Challenges and Criticisms
While Heather’s work is widely respected, there are inherent challenges in her field:
- Scepticism & proof: Paranormal investigation is inherently difficult to “prove”. Evading scepticism while maintaining credibility requires careful documentation, transparency about limitations, and an understanding that some phenomena remain unverified.
- Balancing entertainment with integrity: Genre expectations often push for dramatic, sensational content. Heather’s philosophy of authenticity sometimes conflicts with what traditional TV producers might want. This tension is visible in comparisons between earlier shows like Paranormal State and more recent independent or online series.
- Physical and mental toll: Investigations in dark, old, possibly unsafe settings, frequent travel, and dealing with people’s fears take both a physical and emotional toll. Additionally, managing a chronic health condition adds extra strain.
- Audience perception: Those outside the paranormal community may dismiss the work as pseudoscience; inside, there is occasionally criticism of how much content is edited, staged, or selective.
What’s Next: Trends and Future Directions
Based on her trajectory so far, here are areas Heather Taddy is likely to keep exploring:
- Digital / online content: Increased use of YouTube, podcasts, web series, along with more interactive or audience-engaged formats. Travel the Dead is a strong example.
- Cross-phenomena investigations: Going beyond hauntings to investigate UFOs, remote psychic work, cryptids, etc. She has signalled interest in interconnecting these phenomena rather than treating them in isolation.
- Educational and advocacy work: Both regarding paranormal literacy (how people perceive, record, interpret phenomena) and health issues like IC. There is potential for her to write or speak more formally, perhaps via books, lectures or workshops.
- Expanded collaborations: With other paranormal investigators, with scientists or sceptics, possibly with creators from adjacent fields, such as folklore, history, anthropology, or media studies.
Why Heather Taddy Matters
Heather Taddy holds significance not just as a figure in paranormal entertainment, but as someone who helps bridge gaps:
- She provides a voice of reason and authenticity in a field often criticised for sensationalism.

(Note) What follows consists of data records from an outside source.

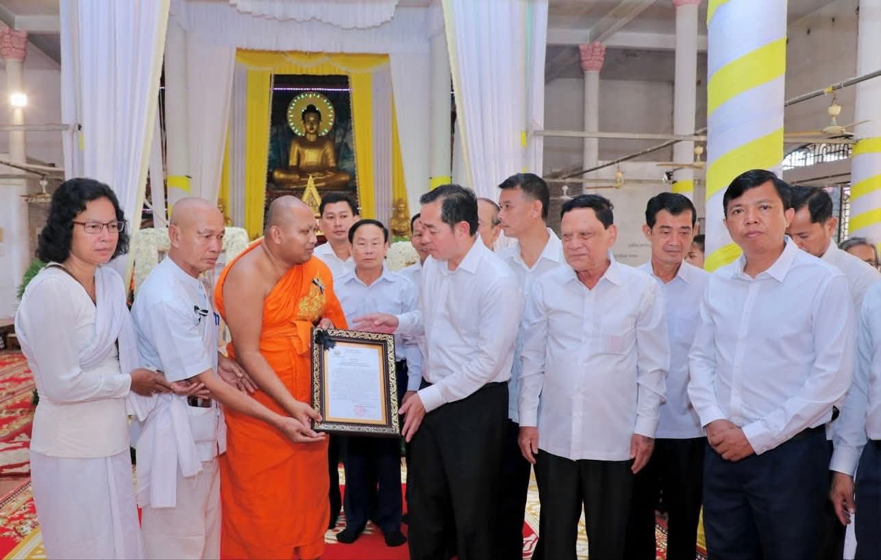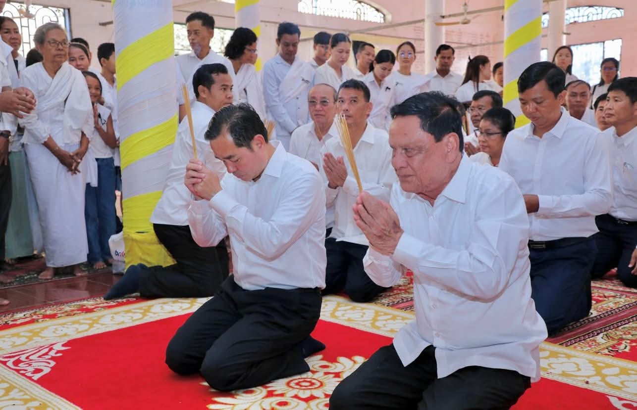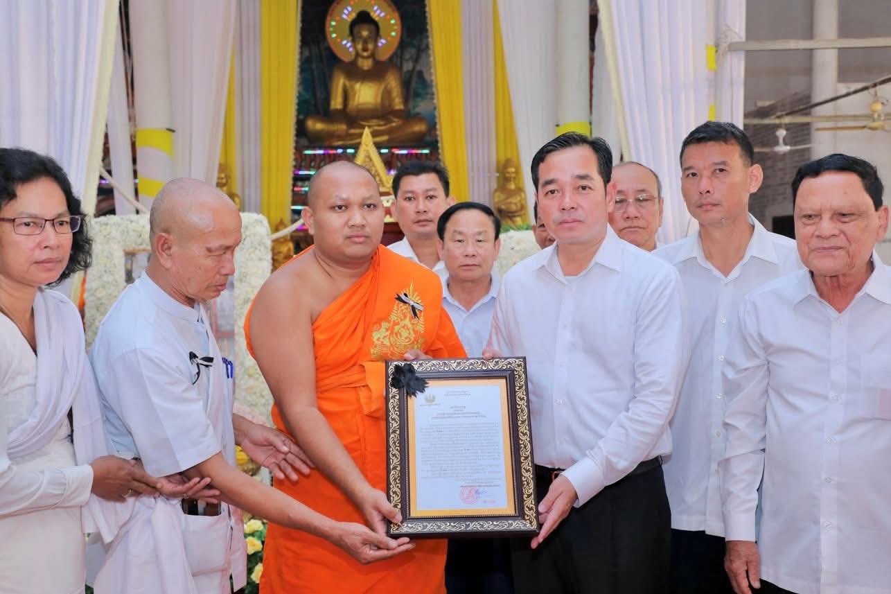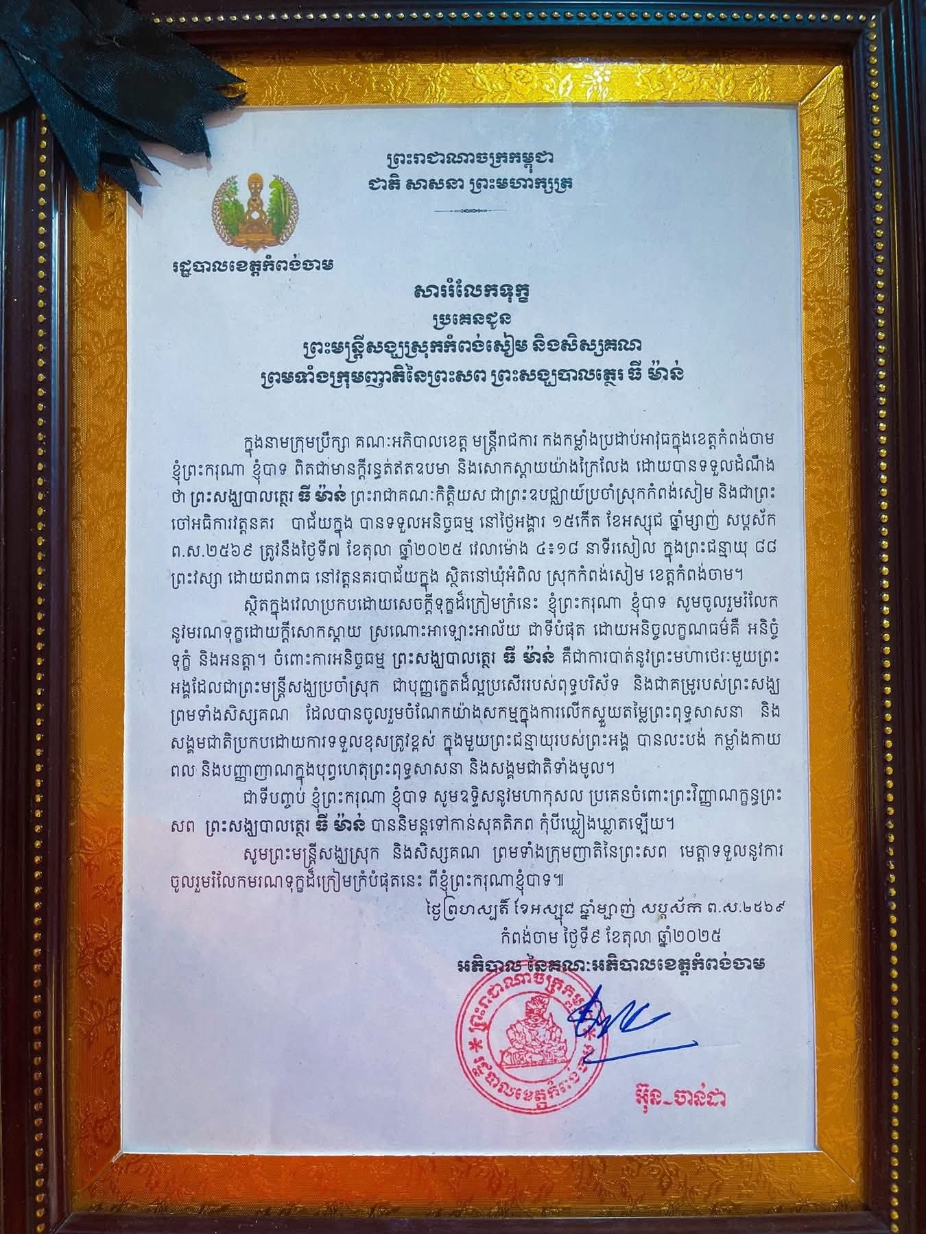 (កំពង់ចាម): ថ្ងៃសុក្រ ៣រោច ខែអស្សុជ ឆ្នាំម្សាញ់ សប្តស័ក ពុទ្ធសករាជ ២៥៦៩ ត្រូវនឹងថ្ងៃទី១០ ខែតុលា ឆ្នាំ២០២៥ ឯកឧត្តម អ៊ុន ចាន់ដា អភិបាល នៃគណៈអភិបាលខេត្តកំពង់ចាម និង ឯកឧត្តម ខ្លូត ផន ប្រធានក្រុមប្រឹក្សាខេត្ត និងសហការី អញ្ជើញចូលរួមរំលែកមរណទុក្ខ និងគោរពព្រះវិញ្ញាណក្ខន្ធព្រះសព ព្រះបាលត្ថេរ (ឥន្ទមុនី) ធី ម៉ាន់ ព្រះរាជាគណៈកិត្តិយសនៃព្រះរាជាណាចក្រកម្ពុជា ព្រះឧបជ្ឈាយ៍ប្រចាំស្រុកកំពង់សៀម និងជាព្រះចៅអធិការវត្តនគរបាជ័យក្នុង ដែលបានទទួលអនិច្ចធម្មកាល ពីថ្ងៃអង្គារ ១៥កើត ខែអស្សុជ ឆ្នាំម្សាញ់ សប្តស័ក ព.ស.២៥៦៩ ត្រូវនឹងថ្ងៃទី០៧ ខែតុលា ឆ្នាំ២០២៥ វេលា ម៉ោង៤:១៨នាទីរសៀល ក្នុងព្រះជន្មាយុ៨៨ ព្រះវស្សា ដោយព្រះជរាពាធ ស្តិនៅក្នុងវត្តនគរបាជ័យក្នុង ស្រុកកំពង់សៀម ខេត្តកំពង់ចាម។
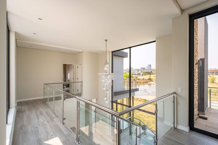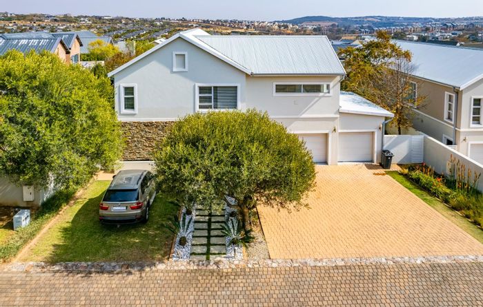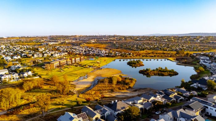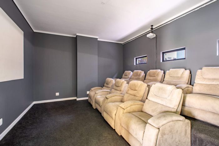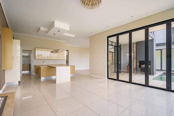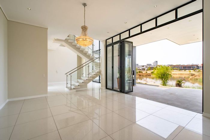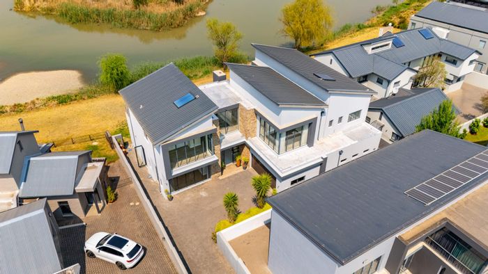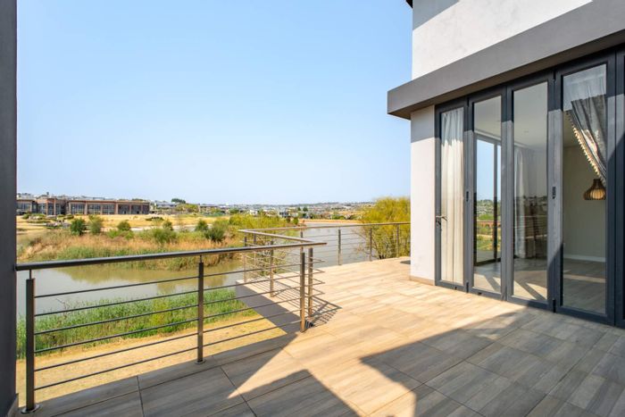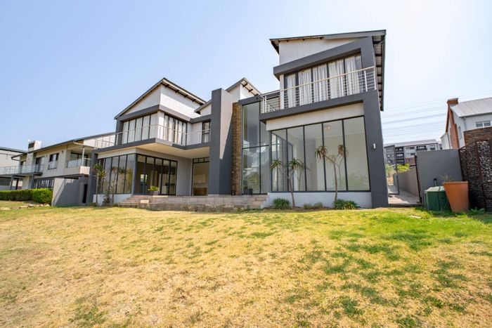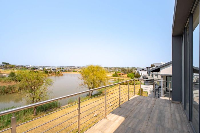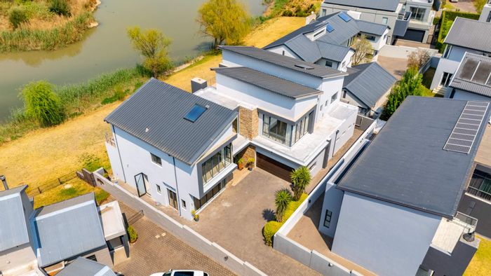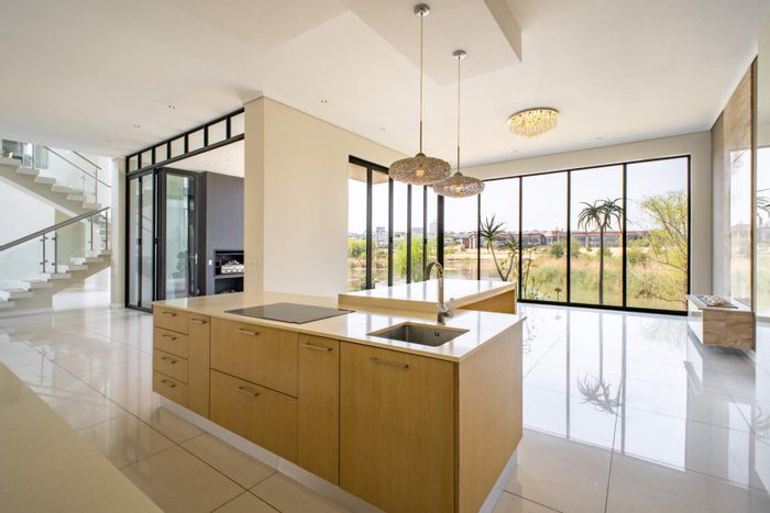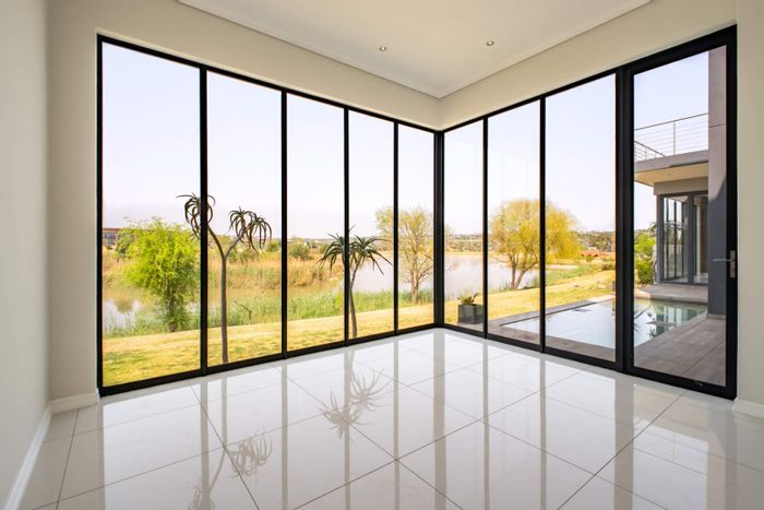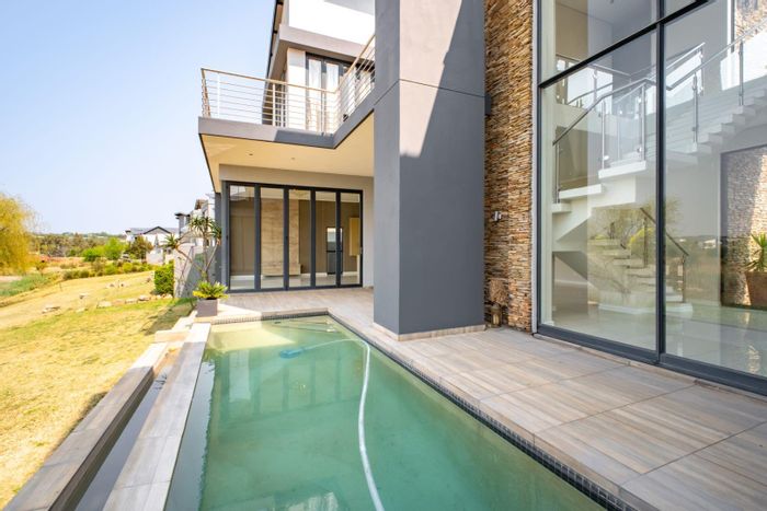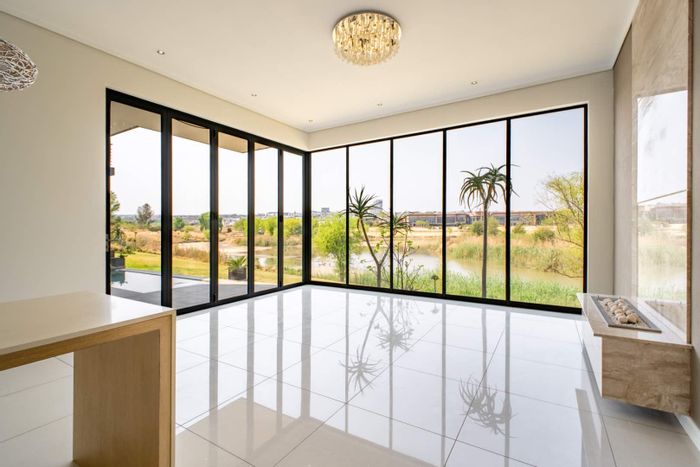 Dam-front entertainer in Waterfall Country Village Estate, steps from the clubhouse, with pool, covered braai patio, cinema room and premium kitchen. Five bedrooms, double garage.
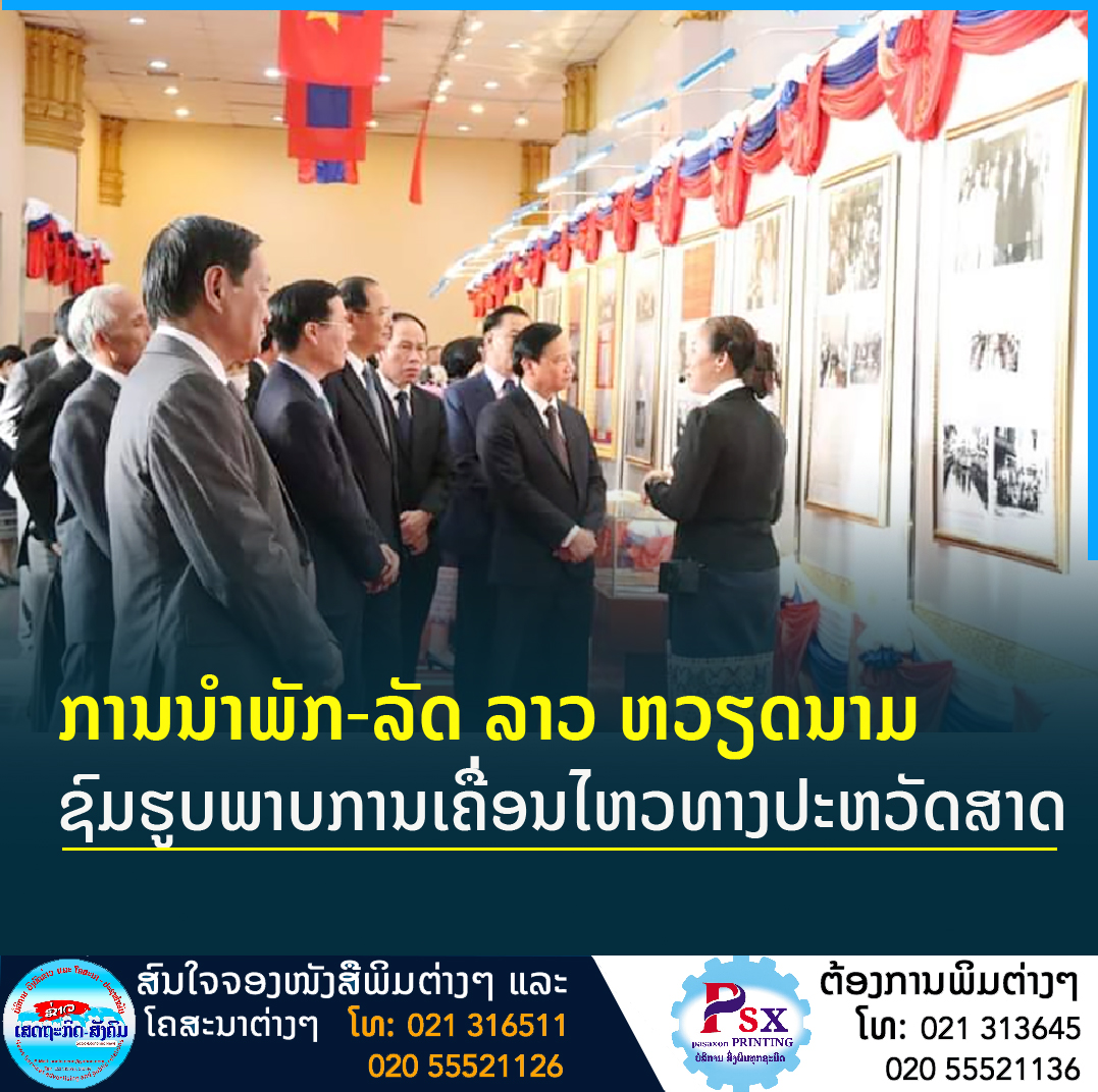 ໃນວັນທີ 17 ກໍລະກົດນີ້ ທີ່ຫໍພິພິທະພັນໄກສອນ ພົມວິຫານ ການນໍາພັກ, ລັດ ລາວ-ຫວຽດນາມ, ເຂົ້າຮ່ວມພິທີວາງ ສະແດງຮູບພາບ, ເອກະສານ, ວັດຖຸພັນ ແລະປຶ້ມພາຍໃຕ້ຫົວຂໍ້ “ສາຍພົວພັນມິດຕະພາບທີ່ຍິ່ງໃຫຍ່, ຄວາມສາມັກຄີພິເສດ ແລະ ການຮ່ວມມືຮອບດ້ານ ລາວ-ຫວຽດນາມ,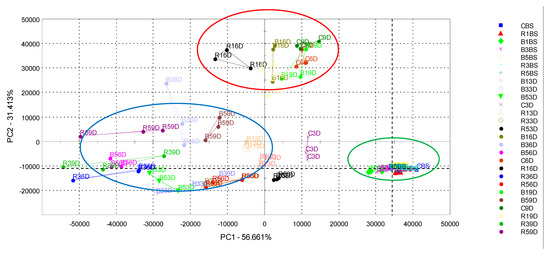 Principal component analysis (PCA) for volatile compounds of meat patties with different berries pomace additives stored for nine days (CBS—meat patties without additives before storage; C3D, C6D, C9D—without additives stored for 3, 6, 9 days; R1BS, B1BS, R3BS, B3BS, R5BS, B5BS—meat patties with 1, 3 and 5% of pomace additives before storage; R13D, B13D, R16D, B16D, R19D, B19D—with 1% of raspberry and blackberry pomace additives after 3, 6, 9 days of storage; R33D, B33D, R36D, B36D, R39D, B39D—with 3% of raspberry and blackberry pomace additives after 3, 6, 9 days of storage; R53D, B53D, R56D, B56D, R59D, B59D—with 5% of raspberry and blackberry pomace additives after 3, 6, 9 days of storage).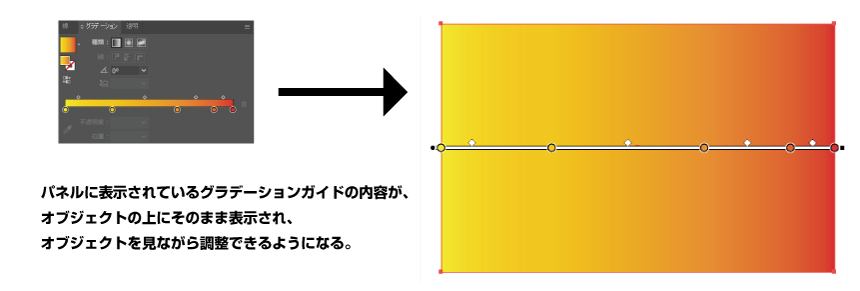 グラデーションの具体的なつくりは⑫のグラデーションガイドで調整するのですが、これをアートワーク中に表示できます。グラデーションを調整した結果がアートワーク中でどのように見えるのかを、操作しながら確認できるので大変便利です。
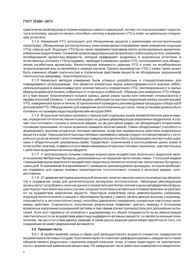 Настоящий стандарт описывает invivo пробит-тестна группе рыб (состоящей из половозрелых самцов и самок в репродуктивном возрасте), подвергающихся воздействию химиката в период, ограниченный их биологическим циклом (21 день)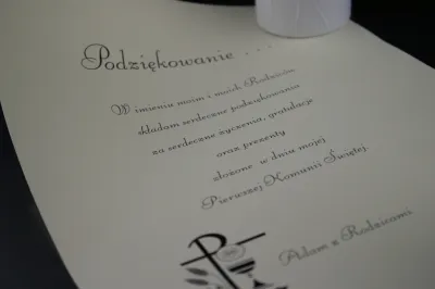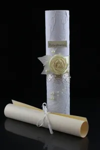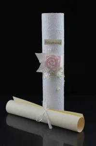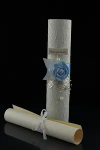 Podziękowanie Komunijne w formie tuby. W środku tuby znajduje się związana ozdobna kartka z podziękowaniem. Rozmiar tuby to 25 cm; średnica 5,5 cm. Treść podziękowania może być dowolna.
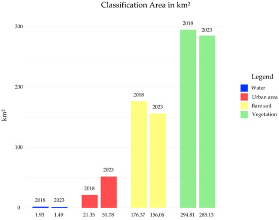 After the image classification process, each pixel was assigned a value to one of the four predefined classes, where the value 1 corresponds to water, 2 to urban area, 3 to bare soil, and 4 to vegetation. The quantitative analysis was conducted by summing the pixels of each class for the analyzed years. The PlanetScope satellite images have a spatial resolution of 3 × 3 m, which implies an area of 9 m2 per pixel. To facilitate quantitative analysis, the total area of each class was converted from m2 to km2, allowing for a more accessible comparison of classified areas between the years 2018 and 2023.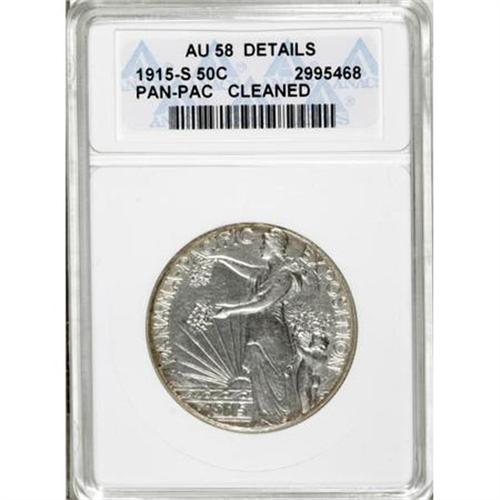 <B>1915-S 50C Panama-Pacific--Cleaned--ANACS. AU58 Details.</B></I> NGC Census: (78/2193). PCGS Population (142/2516). Mintage: 27,134. Numismedia Wsl. Price for NGC/PCGS coin in AU58: $380. (#9357)<BR><BR><b>Shipping:</b> Coins & Currency (<a target="_blank" href="http://www.heritageauctions.com/common/shipping.php">view shipping information</a>)

- She shows that belief, investigation, and respect for local stories can coexist.
- She helps humanise experiences of the supernatural by showing the people behind the stories.
- And by speaking publicly about her health condition, she reminds us that even “celebrity” investigators are real people with real struggles.
Conclusion
Heather Taddy is more than a paranormal investigator. She is a storyteller, documentarian, and innovator who is helping evolve how people think about and engage with the unexplained. From her early days at Penn State to leading her own creative projects, she balances curiosity with empathy, spectacle with substance. Whether one approaches the paranormal with belief, scepticism, or something in between, Heather’s work invites us to listen, question, and explore — not simply in pursuit of fear, but in search of meaning.